I feel self conscious reviewing "classics". I worry I'm not 'getting it' and will look ignorant. But then, I also feel that if I'm not getting it, that says something too. So, here we go. Bear with me. 

There are some spoilers in this review. But this book was published in 1927, so you've had 98 years to read it before reading my spoilers. 

What I knew before reading the book - it was written by Virginia Woolf, a female author often described as a key feminist writer. No surprise then that To The Lighthouse is written almost exclusively through the point of view of female protagonists, mainly Mrs Ramsay, the mother of eight who narrates the first chunk of the book. Male characters are given short shrift, variously described as shallow, prickly, idealistic, boastful and with sensitive egos. 
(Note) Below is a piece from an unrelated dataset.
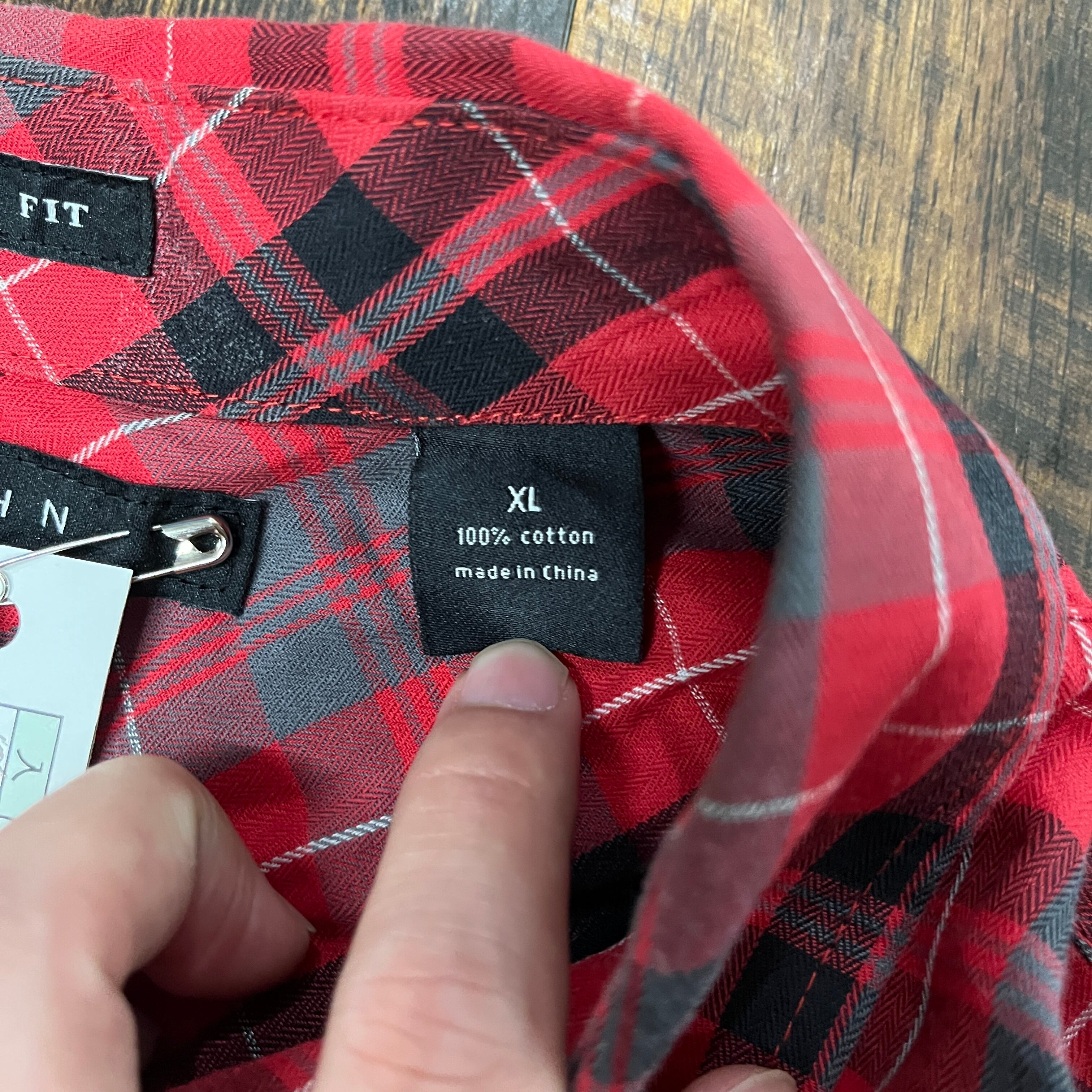 赤と黒のチェック柄の長袖シャツ、胸ポケット付きでスタイリッシュ。
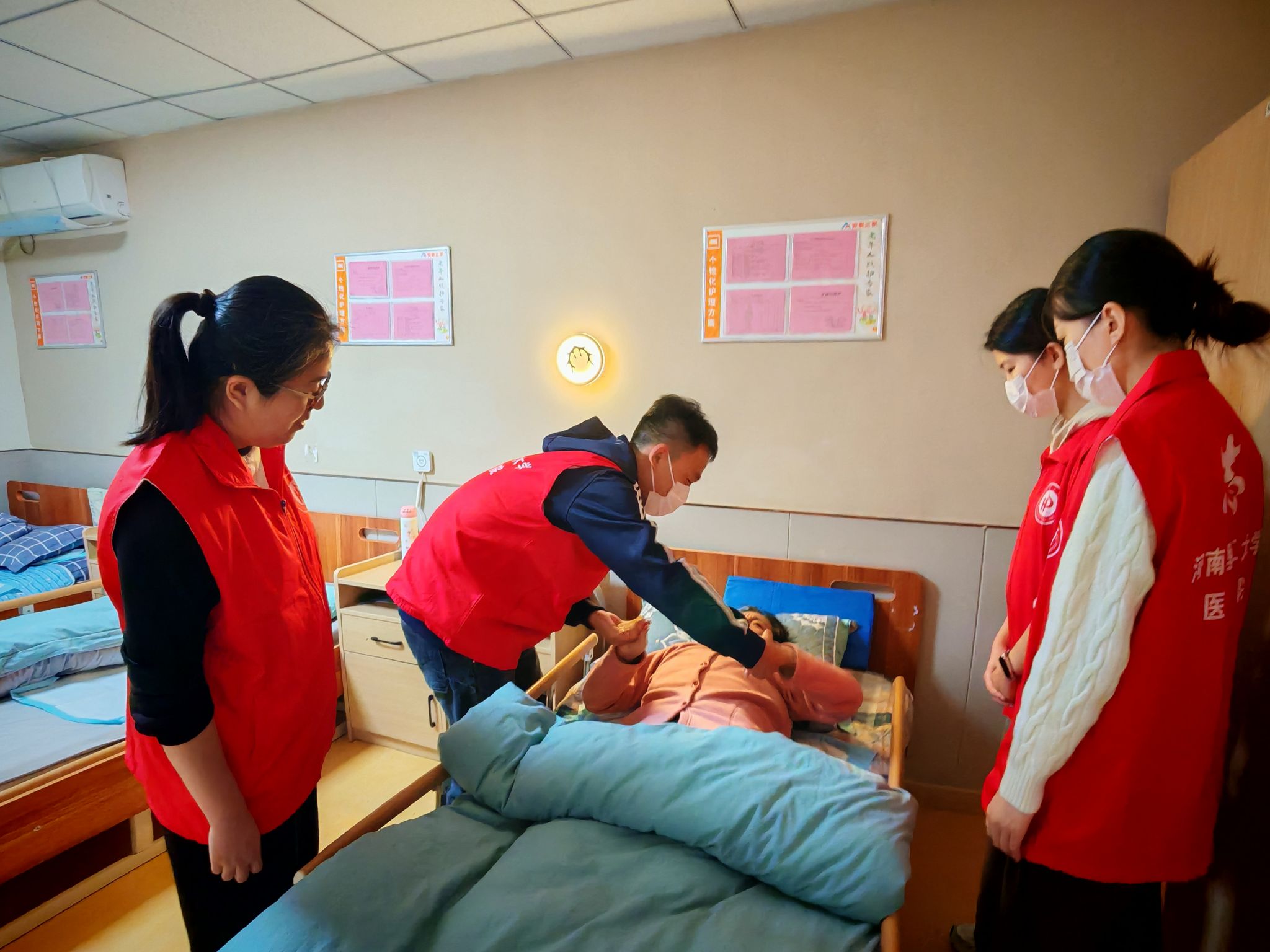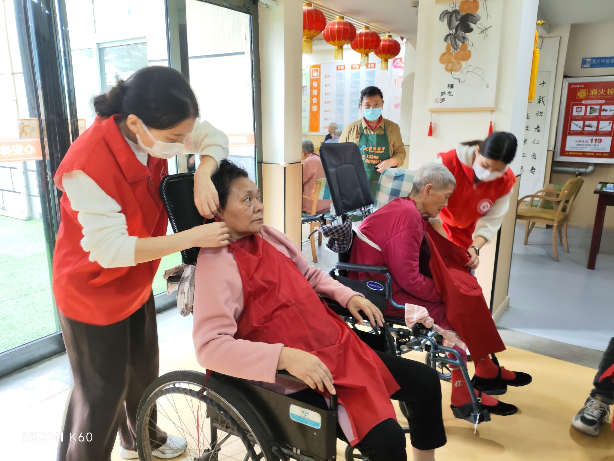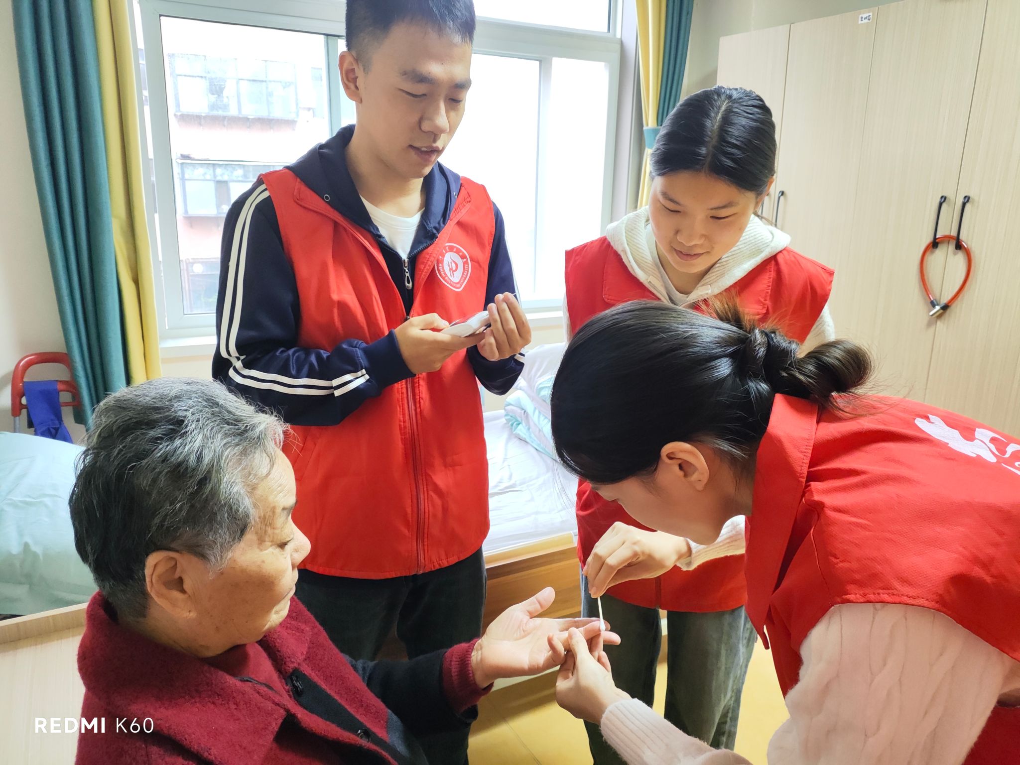 活动当天,志愿者满怀热情,早早地来到养老服务中心。在简短的任务分工后,大家迅速投入到各自的岗位中。志愿者与老人们进行亲切交流,他们耐心倾听老人们讲述过去的故事,关切地询问他们的身体状况和生活情况。志愿者利用自己的专业知识,为老人们提供了健康检查服务。他们拿着血压计和血糖仪,为老人们检查血压血糖状况,并告知相关的注意事项。这一举动有助于预防高血压、高血糖等常见疾病的发现与预防,受到了老人们的热烈欢迎和高度评价。其间为老年人喂药、喂饭、轮椅转运,这些看似微不足道的帮助,老人的热泪却顺着眼角不停地往下流。

The story starts with Mr and Mrs Ramsay on holiday on the Isle of Skye with their eight children and another half dozen assorted guests plus serving staff. It's evening. One of Mrs Ramsay's sons asks her if they can go to the lighthouse the next day. Mr Ramsay says no because the weather forecast is bad. Mrs Ramsay is silently annoyed at her husband for dismissively crushing her son's hopes. 

That takes up the first sixty pages. I was beginning to suspect the title was misleading and the family weren't going to go to the lighthouse. 

There was, however, a surprise reference to Cardiff - as a venue where Mr Ramsay was going to take his lecture tour. So, it wasn't all unspoken angst between the married couple. 

Mrs Ramsay oscillates between a dark pessimism about marriage and progeny, and then expends a lot of energy engineering opportunities for her house guests to get together. There is a proposal as two people are successfully coupled, and then she is on to thinking about the next match she could make. 

I had my hackles raised by some passing references to Anna Karenina. Fortunately Mrs Ramsay stands in stark contrast to Anna. For one thing, Mrs Ramsay seems much more realistic about life and finds joy in the things around her instead of mooning away over some idea that love is "out there".

And then, just when we've got to know Mrs Ramsay, she unexpectedly dies, in a throwaway paragraph at the end of a chapter. I don't know if the author got bored of her, or what. But it's a sudden - and bold - shift in the story. 

What follows is a brief series of vignettes, as the local cleaning lady tries to maintain the holiday home over several years. In the same way that the house declines, so too, Mrs Ramsay's idealised visions of the future are shown to come to naught. One son Andrew, who was supposed to become a famous mathematician, is killed by a shell during the war. A daughter, Prue, who is supposed to grow into a true beauty, dies due to pregnancy complications. The couple who got engaged on Skye get trapped in a loveless marriage. 

The message seems to be that whatever our hopes for the future, life gets in the way. It's pessimistic in the extreme and more nihilistic than I expected. 

The book ends with the remaining members of the family returning to Skye. The kid who wanted to go to the lighthouse finally gets to go, even though by this point he is a pouting teenager who really doesn't want to go. They arrive at the lighthouse but before they get out of the boat the book ends. 

Final point - the cover art. This book was part of a set of ten 'classics' that I was given several years ago. The cover art is deeply uninspiring, although after I read the book it felt very apt. (It doesn't show a lighthouse!) Then a few days after I finished the book, I saw a copy with a very different, and much nicer, cover that makes it look like a completely different type of book!